In the old days, the image was one of a latticework of diverse positions, through which the “light of Allah,” i.e. divine guidance – though incomplete and partially obscured – could nevertheless glimmer.
I don’t know much about the legal tradition, but it’s certainly very nuanced and sophisticated. It just seems like Muslim-majority countries would need to undergo massive eduction, institutional, and social transformation, in order to resurrect and re-implement the old tradition … as well as to re-configure some of its aspects to meet contemporary needs.
Sayyid Qutb and people of that nature – who believe in the implementation of shari`ah as a sort of “cure-all” for society – don’t really grasp the complex nature of the legal edifice. They see it as a compelling symbol … but seem not to realize it’s rather like rabbinical Judaism, typically containing a range of diverse positions on a given issue, without any definitive resolution of that issue.
Here I think we have a conflict between two ideals of what a school should be translated into two ideals of what a society should be. On the one hand, we have the traditions of open-ended debate that have characterized Islamic law, rabbinical Judaism, post-Socratic Western philosophy, and the “Progressive” schools that have been such a feature of American middle-class life since the 1920s. In these traditions, disagreement is elevated to an art form and debate is of value in itself. On the other, we have a model of a school as a place where the students receive the truth. Under this model, disagreement is a sign of failure and debate is to be tolerated if and only if it culminates in the identification of the truth and the exposure of falsehood. Like me, my friend prefers the first tradition, and he is tempted to dismiss the second.
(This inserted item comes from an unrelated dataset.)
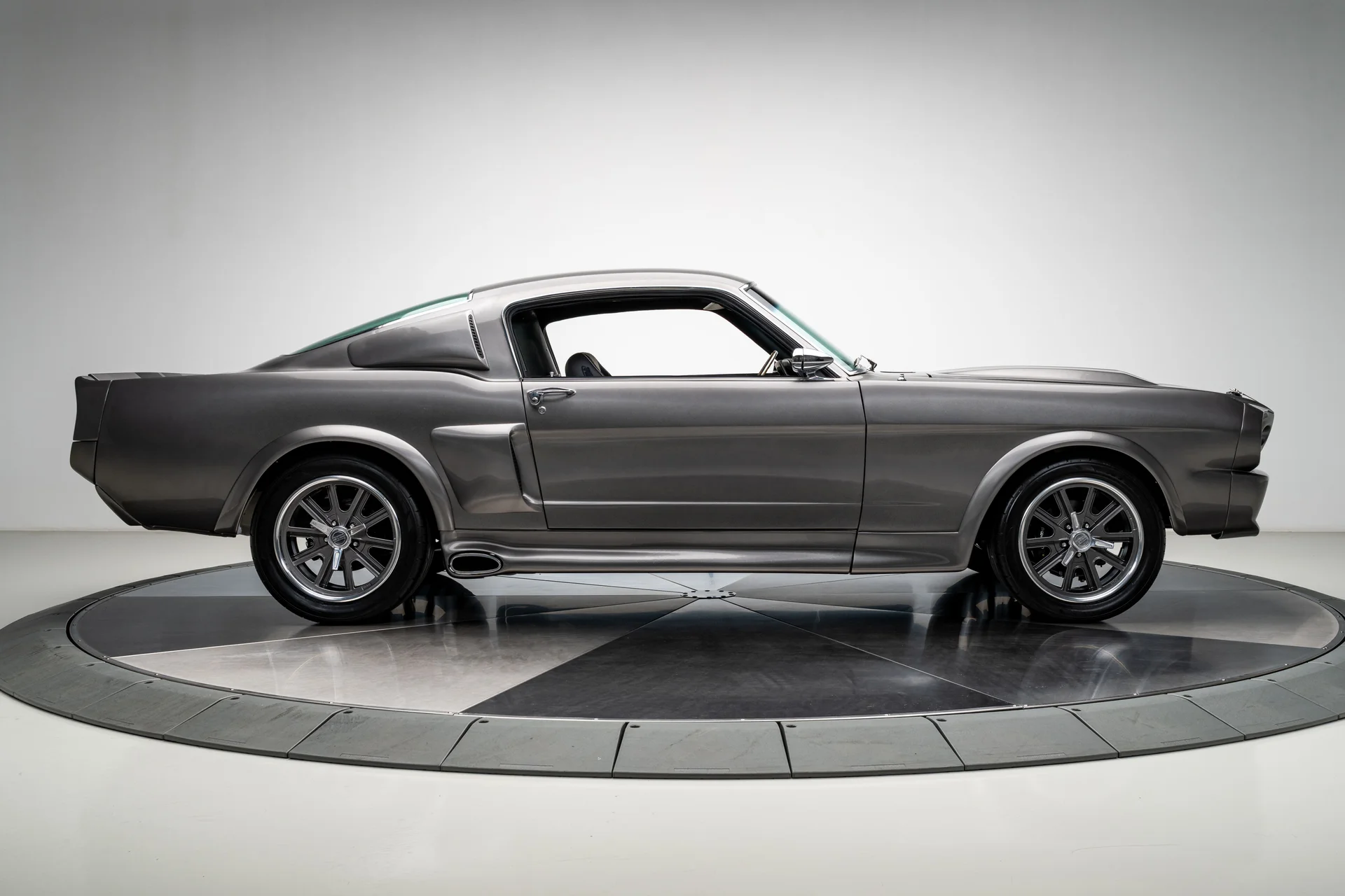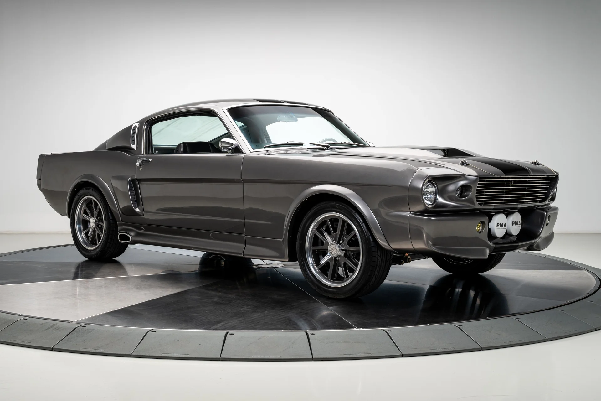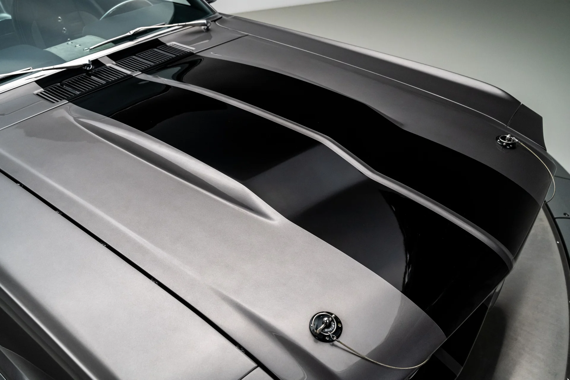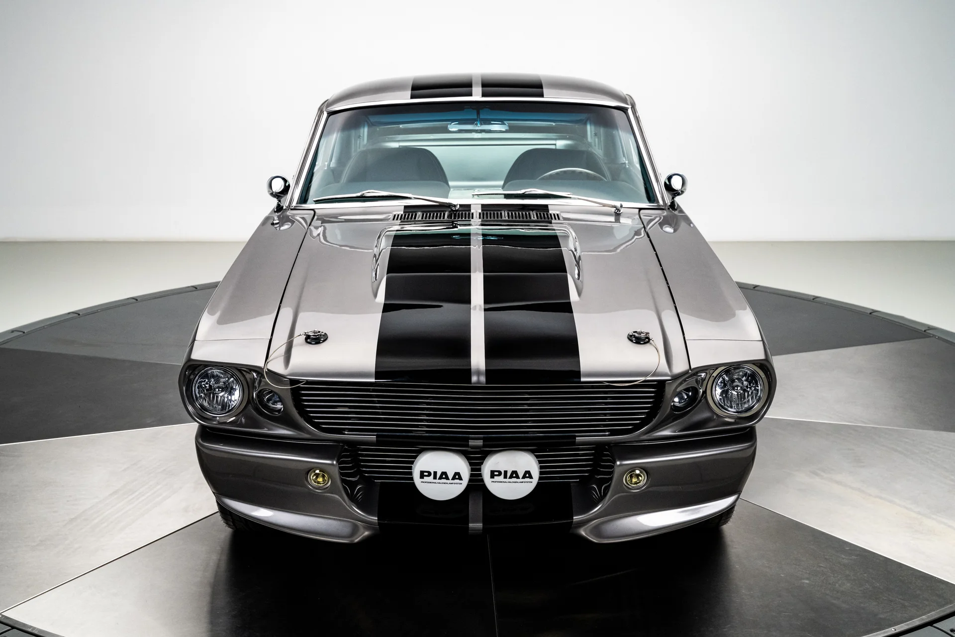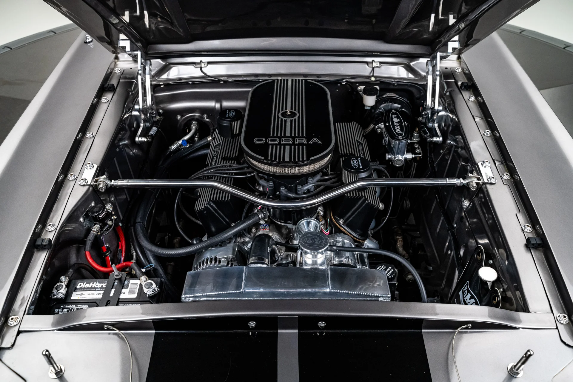 A carroceria ostenta um kit CJ Pony Parts estilo Eleanor que incorpora os icônicos para-choques dianteiro e traseiro, conferindo ao fastback uma postura mais agressiva e imponente sem perder as proporções clássicas do carro. Com acabamento em cinza Pepper Gray e faixas pretas pintadas, o carro apresenta um visual limpo e sinistro que se encaixa perfeitamente no tema Eleanor. Detalhes como as luzes da grade PIAA, os retrovisores laterais estilo bala, as lanternas traseiras de LED sequenciais e o inconfundível escapamento lateral reforçam a conexão com o carro do filme, enquanto as rodas American Racing Shelby Cobra calçadas com pneus de alta performance Nitto NT555 proporcionam uma presença robusta e pronta para as ruas.

While these inclinations of ours show our disagreement with Qutb’s idea of what a school is, our mutual tendency to use that disagreement as a lens through which to view the differences between Islam and the West may show that we nonetheless agree with him on the deeper question of what society is.
The choice of the word “culture,” with its older meanings related to training and guided development, to mean “the sum total of a people’s way of life, especially as transmitted from one generation to the next,” may reflect this idea of society as a school, and may as such reflect the monotheistic heritage of the societies in which it was first introduced. Of course this usage is not absurd. Societies do develop over time, and one generation does influence another generation in this development. Probably it is inevitable that any systematic study of how humans live together would note these facts. What is not inevitable is that communities of humans would be assigned a label like “cultures,” which combines these facts with each other and with a suggestion of training. That label shows the influence of the idea of society as a school.
If monotheism does imply that society is above all a place for learning and that the healthiest society would be one in which everyone is continually learning from everyone else, one might think of any number of further questions. What non-theistic views imply the same thing? Does this idea tend toward totalitarianism? Is it compatible with religious humanism, or with humanism of any sort? Does the nature of the truth which society is constituted to teach determine the degree of openness possible within that teaching society? So that, for example, a conception of the ultimate truth as a triune God might allow one both to judge a society by the single criterion of its aptness as an environment for teaching and learning and at the same time to allow for an indefinite diversity of thought and experience within that society.